BRIAN Clark’s play Whose Life Is It Anyway? was first performed on television in 1972 and adapted for the stage six years later.It was controversial at the time – discussing assisted suicide but winning many awards.
Fifty years on, the climate surrounding the debate might have changed, but the questions stay the same, and the play is every bit as powerful. Martin Williams saw it as a newly qualified drama teacher, with Tom Conti in the lead, and determined to direct it one day. His day has come this week with Amateur Players of Sherborne – and it is stunningly brilliant.
There are all sorts of challenges facing anyone producing the play. The main character is in bed, moving only his head, from start to finish. Multiple scenes happen almost simultaneously. Specialised props are required. All this in addition to the complex ethical, medical and legal questions that must be addressed.
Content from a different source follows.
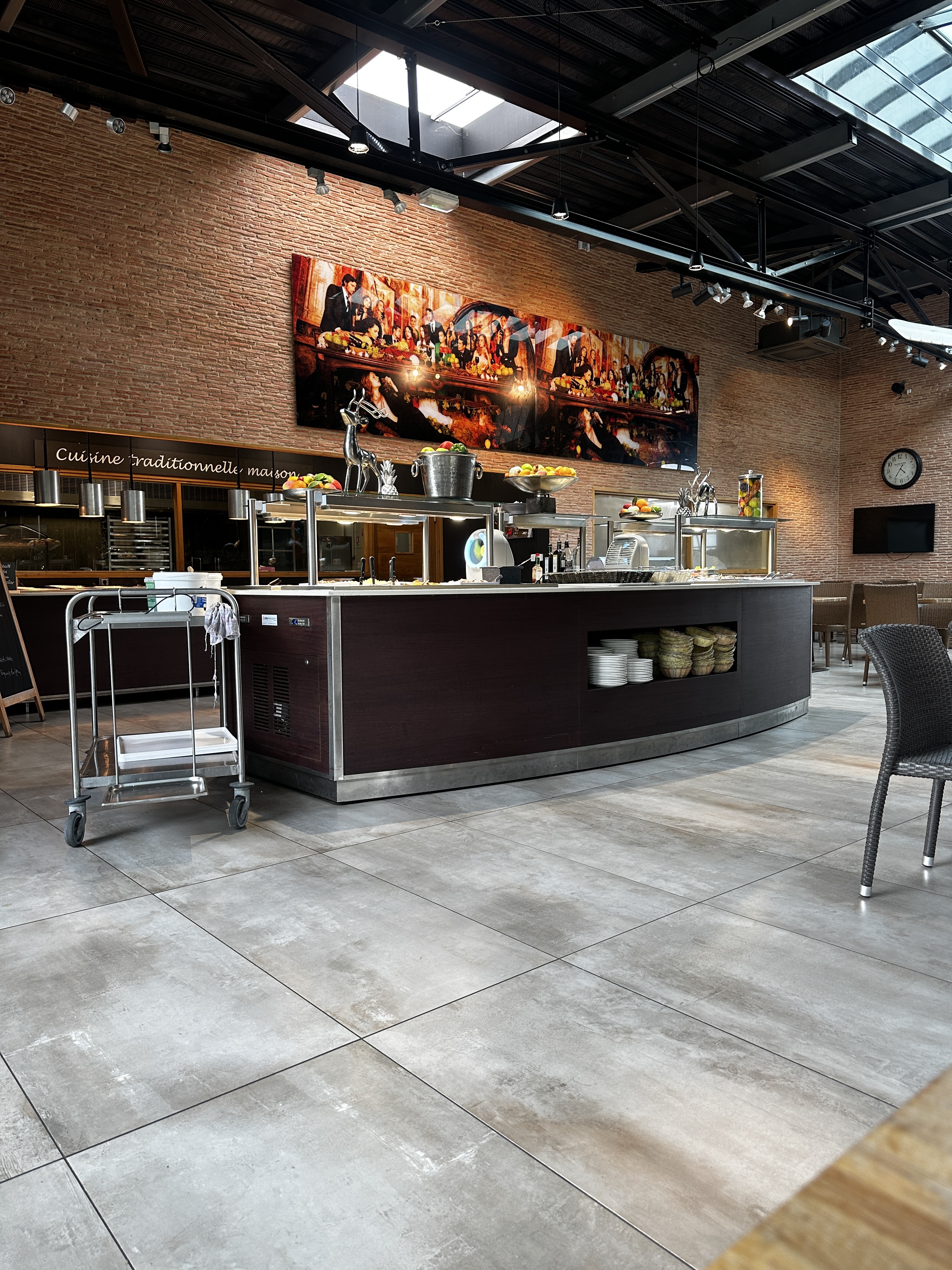 Je fréquente plusieurs fois par an ce restaurant pour des raisons professionnelles et parfois personnelles. Ici, on se sert soit même aux banques réfrigérées, bon choix dans les entrées, (une 20aine de salades/charcuteries) 3 plats du jour avec accompagnements différents, fromages, desserts, 1boisson pour moins de 20€ le samedi soir. Beaucoup de fait maison et c'est bon. Alors oui, l'ambiance est plus cafétéria que restaurant ** pas de service à table, vous devrez vous déplacer pour un pichet d'eau ou un morceau de pain, ainsi que pour vos plats, mais ça reste très décontracté et c'est parfait pour un repas familiale ou entre amis, et bien évidement pour se restaurer sur le chemin des vacances ou du travail. Allez y, vous ne serez pas déçu !

APS has assembled an extraordinary cast to perform this very demanding play, and on the opening night every member of the audience watched with rapt attention as Ken Harrison fought for the right to bring his life to an end.
Robert Brydges is a handsome, witty and charismatic man, and this is his first foray into acting – not counting a disastrous Shakespearean debacle at school. He plays the central role, a sculptor and teacher who has been critically injured in a car crash fracturing his spine and permanently paralysed from the neck down. He has been in hospital, in the care of Dr Michelle Emerson, for more than six months and has no prospect of any meaningful recovery of movement. We watch as Ken forms close relationships with nurses and doctors and an orderly, and we watch their reactions as they realise he has irrevocably decided on a course of action that must end his life.
The “hospital”, in the person of Dr Emerson, steps in, citing a legal and ethical responsibility to keep the patient alive. Ken’s legal team takes the unusual step of claiming Habeas Corpus, and the judge comes to the hospital to decide this fraught case.
In addition to the central role, there are some powerfully moving performances, notably from Sara Danesh-Pour as Dr Scott, Bev Taylor-Wade as Sister Anderson, newcomer Annalise Carter-Brown as Dr Emerson, Liam Beard as the perky John, Jessica Colson as a totally convincing barrister and Patrick Knox as the learned judge. Charlotte Berry is the delightful young nurse, with Adrian Harding stepping in at short notice as Ken’s solicitor. Every member of the cast is evidently totally committed to both the production and its important story, which is not easy watching, but still cries out to be seen and discussed as our lives become ever more dependent on technology and controlled by box-tickers.
It is on stage in Sherborne until Saturday.